**DATA EXTRACT:**

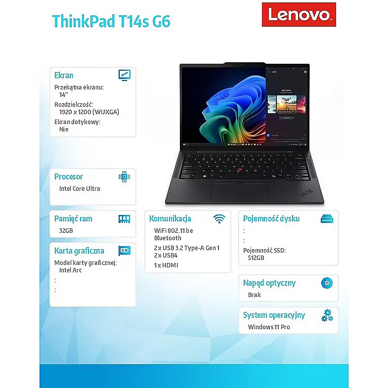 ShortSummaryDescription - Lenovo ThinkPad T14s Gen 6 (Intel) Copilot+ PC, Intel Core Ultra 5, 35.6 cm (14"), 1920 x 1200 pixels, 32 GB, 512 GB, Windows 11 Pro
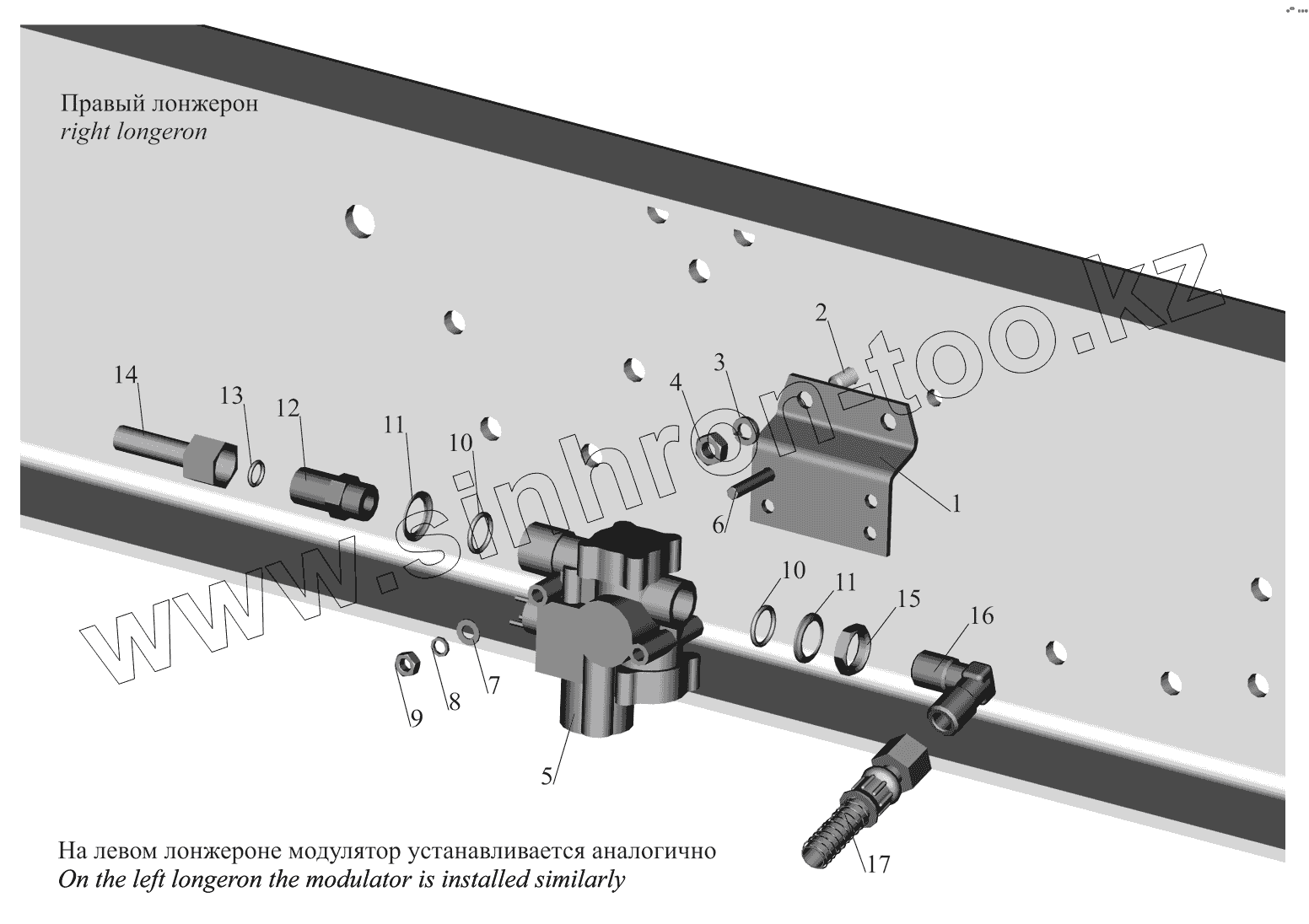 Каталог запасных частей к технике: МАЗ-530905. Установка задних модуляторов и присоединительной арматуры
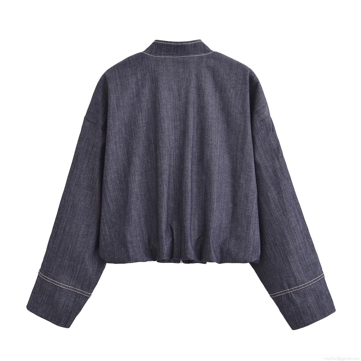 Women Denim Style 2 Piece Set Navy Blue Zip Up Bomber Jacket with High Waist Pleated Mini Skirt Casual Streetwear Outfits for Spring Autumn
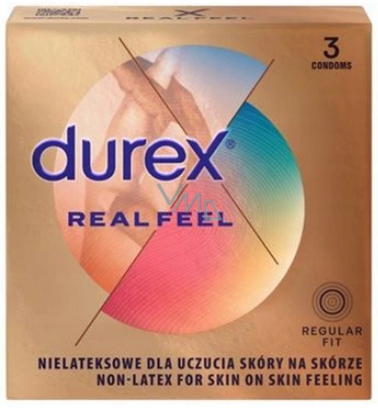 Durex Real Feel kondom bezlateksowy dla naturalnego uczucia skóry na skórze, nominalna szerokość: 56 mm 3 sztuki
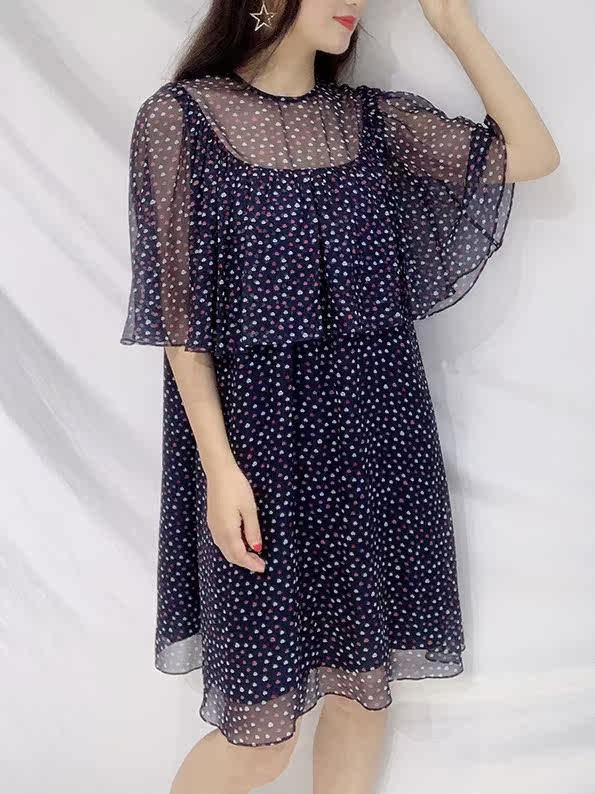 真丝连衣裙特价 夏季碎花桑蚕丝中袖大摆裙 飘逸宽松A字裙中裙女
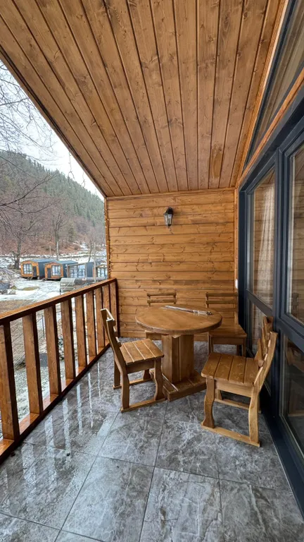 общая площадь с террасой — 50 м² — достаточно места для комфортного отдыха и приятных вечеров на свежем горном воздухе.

**ASSIGNED TASK:** Exactly as they stand, write the lines from the one holding "Каталог запасных частей" to the end of the material, both ends included. Do not copy the pictures.

**ANSWER BOX:**
 Каталог запасных частей к технике: МАЗ-530905. Установка задних модуляторов и присоединительной арматуры
 Women Denim Style 2 Piece Set Navy Blue Zip Up Bomber Jacket with High Waist Pleated Mini Skirt Casual Streetwear Outfits for Spring Autumn
 Durex Real Feel kondom bezlateksowy dla naturalnego uczucia skóry na skórze, nominalna szerokość: 56 mm 3 sztuki
 真丝连衣裙特价 夏季碎花桑蚕丝中袖大摆裙 飘逸宽松A字裙中裙女
 общая площадь с террасой — 50 м² — достаточно места для комфортного отдыха и приятных вечеров на свежем горном воздухе.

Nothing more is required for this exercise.